Vor acht Jahren hatte sich Alexandrine nicht einmal an der Eingemeindung der Vororte gestört – unser ehemaliges 11. Arrondissement ist nun das 6. Dir hätte das auch missgefallen. Paris ist ein Moloch geworden, überallhin streckt es seine Tentakel aus! Es gibt jetzt zwanzig Arrondissements, und über Nacht bekam Paris vierhunderttausend neue Einwohner. Unsere Stadt hat Passy, Auteuil, Batignolles-Monceau, Vaugirard, Grenelle, Montmartre verschlungen, und Orte, wo ich noch nie gewesen war, gehören nun zu Paris – Belleville, La Villette, Bercy, Charonne. Ich finde das erschreckend und verwirrend.

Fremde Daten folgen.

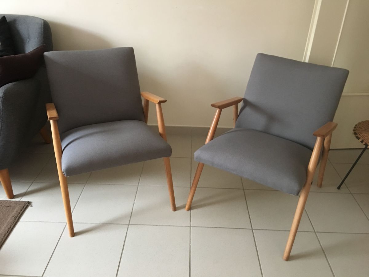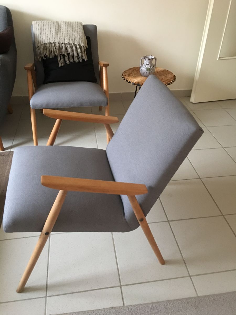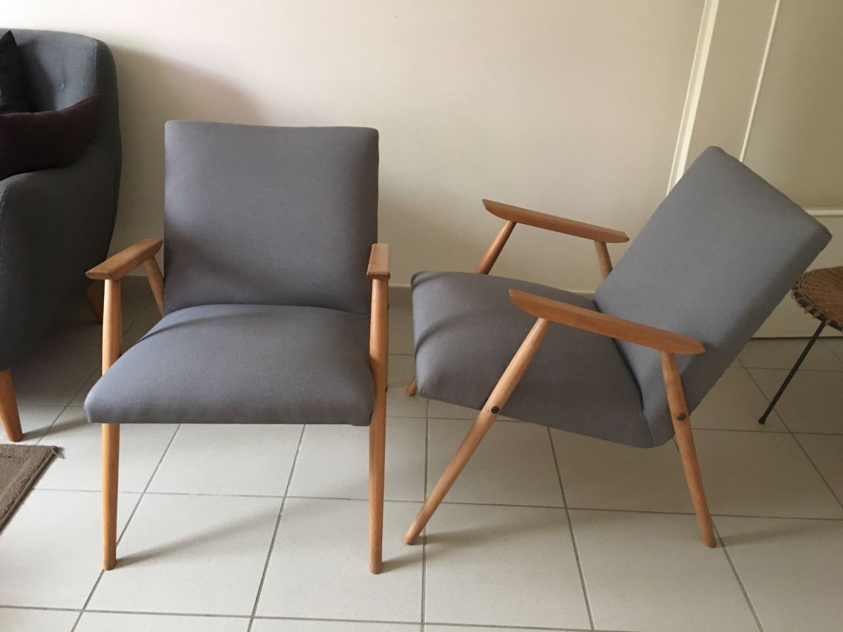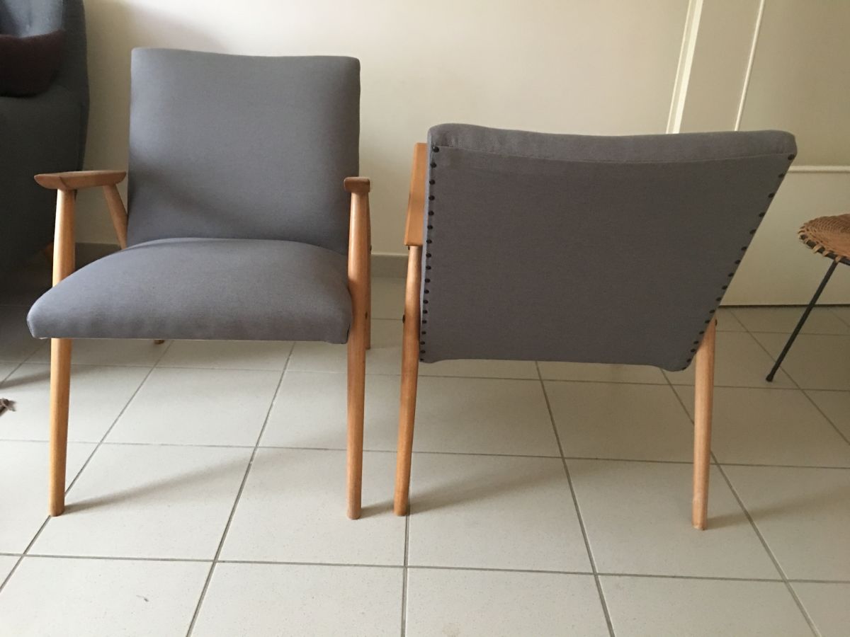 Très belle paire de fauteuils scandinaves des années 60 en bois blond (hêtre), entièrement retapissés (tissu gris neuf), assise et garniture refaites à neuf, pieds compas, hauteur totale 69cm, hauteur assise 40cm, assise 48x44cm, dimensions totales (cm) : L.54xH.69xP.65, très bon état.

Trotz unserer Meinungsverschiedenheiten war es immer interessant, sich mit Alexandrine zu unterhalten. Sicher, sie war halsstarrig und manchmal verließ sie mich wutschnaubend, aber sie kam immer wieder zurück und bat mich um Entschuldigung. Ich habe sie übermäßig lieb gewonnen. Ja, sie war mir wie eine zweite Tochter, eine warmherzige, gescheite, kultivierte Tochter. Findest Du mich ungerecht? Vermutlich schon. Aber Du musst verstehen, dass sich Violette mit der Zeit weit von mir entfernt hat, sowohl geografisch als auch gefühlsmäßig. Dass Alexandrine im selben Jahr wie Baptiste geboren ist, 1839, ist ein weiterer Grund, warum sie mir so teuer ist. Ich habe ihr von unserem Sohn erzählt, aber nur ein Mal. Es war zu schmerzlich, diese Worte auszusprechen.

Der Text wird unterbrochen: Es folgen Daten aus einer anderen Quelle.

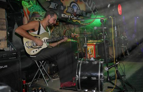 Toca la guitarra, el ukelele, el bombo, el hi hat, la armónica y el kazoo

Manchmal wundert es mich, dass sie keinen Mann hat. Ist es wegen ihres hitzigen Temperaments? Dass sie immer genau das sagt, was sie denkt, und es für sie nie in Frage kommen würde, sich einem Mann unterzuordnen? Vielleicht. Sie vertraute mir an, dass eine Familie und Kinder ihr nicht fehlten. Sie gab sogar zu, dass es das Letzte für sie wäre, sich um einen Ehemann zu kümmern. Mir ist eine solche Haltung unglaublich fremd, ich finde sie fast schockierend. Aber Alexandrine ist ja auch nicht wie die anderen Menschen, die ich kenne. Über ihre Kindheit in Montrouge hat sie nie viel erzählt. Ihr Vater trank und war grob zu ihr. Ihre Mutter starb, als sie noch klein war. Und so bin ich also in gewisser Weise ihre »Maman«.